• _WHAT IS BEING ASKED_: In the copy, include all of the listing exactly and none of its pictures.

• _DATA_:
________________

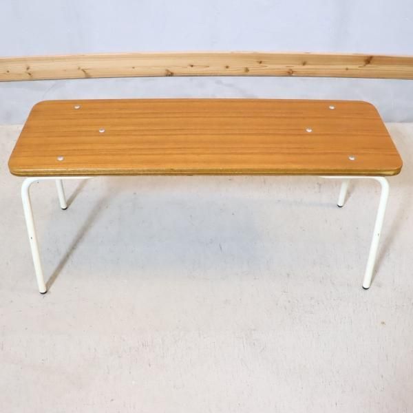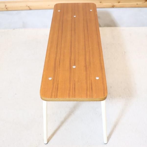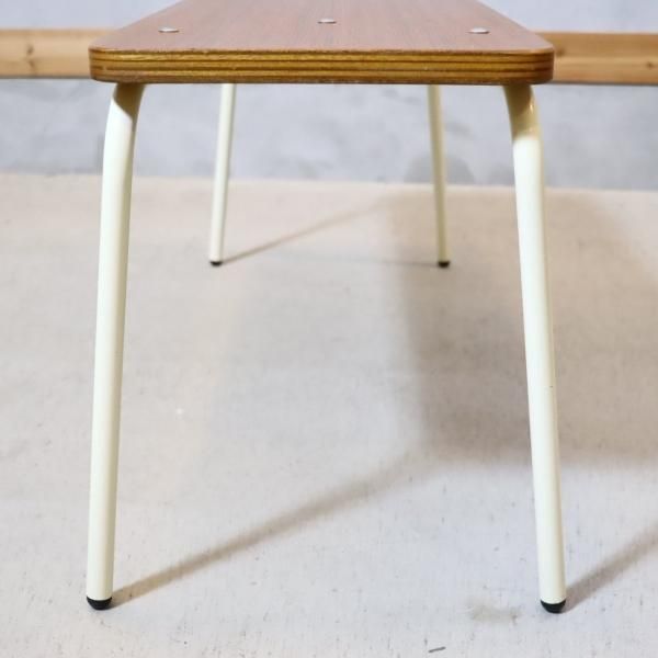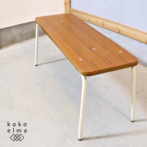 北欧スタイルのチーク材 2人掛けベンチです。プライウッドにパイプ脚の組み合わせがスクールチェアを思わせるレトロなダイニングベンチ。リビングや店舗などのちょっとした腰掛としても活躍します♪
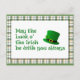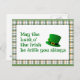Ein leckerer grüner Leprechaun-Hut mit dem Wortlaut "Möge das Glück der Iren immer bei dir sein", Set auf einem grünen irischen karierten Hintergrund. Ideal, um Glückwünsche an Familie und Freunde zu senden.
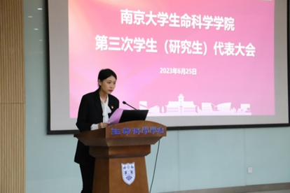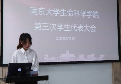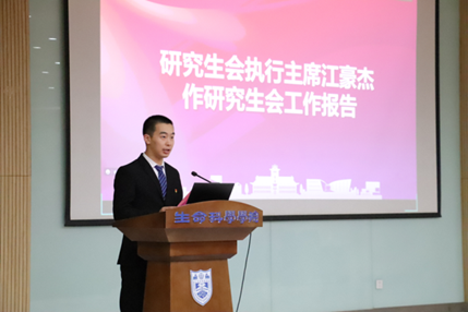 随后,院员工会执行主席王宁馨和院研究生会执行主席江豪杰分别进行了上一学年员工会和研究生会工作报告,报告全面回顾并总结了换届以来生科院员工会、研究生会各方面工作,就员工会、研究生会下一阶段的工作开展提出了建议与设想。全体代表审议并通过了工作报告。

________________

• _ANSWER BELOW_:
 北欧スタイルのチーク材 2人掛けベンチです。プライウッドにパイプ脚の組み合わせがスクールチェアを思わせるレトロなダイニングベンチ。リビングや店舗などのちょっとした腰掛としても活躍します♪
Ein leckerer grüner Leprechaun-Hut mit dem Wortlaut "Möge das Glück der Iren immer bei dir sein", Set auf einem grünen irischen karierten Hintergrund. Ideal, um Glückwünsche an Familie und Freunde zu senden.
 随后,院员工会执行主席王宁馨和院研究生会执行主席江豪杰分别进行了上一学年员工会和研究生会工作报告,报告全面回顾并总结了换届以来生科院员工会、研究生会各方面工作,就员工会、研究生会下一阶段的工作开展提出了建议与设想。全体代表审议并通过了工作报告。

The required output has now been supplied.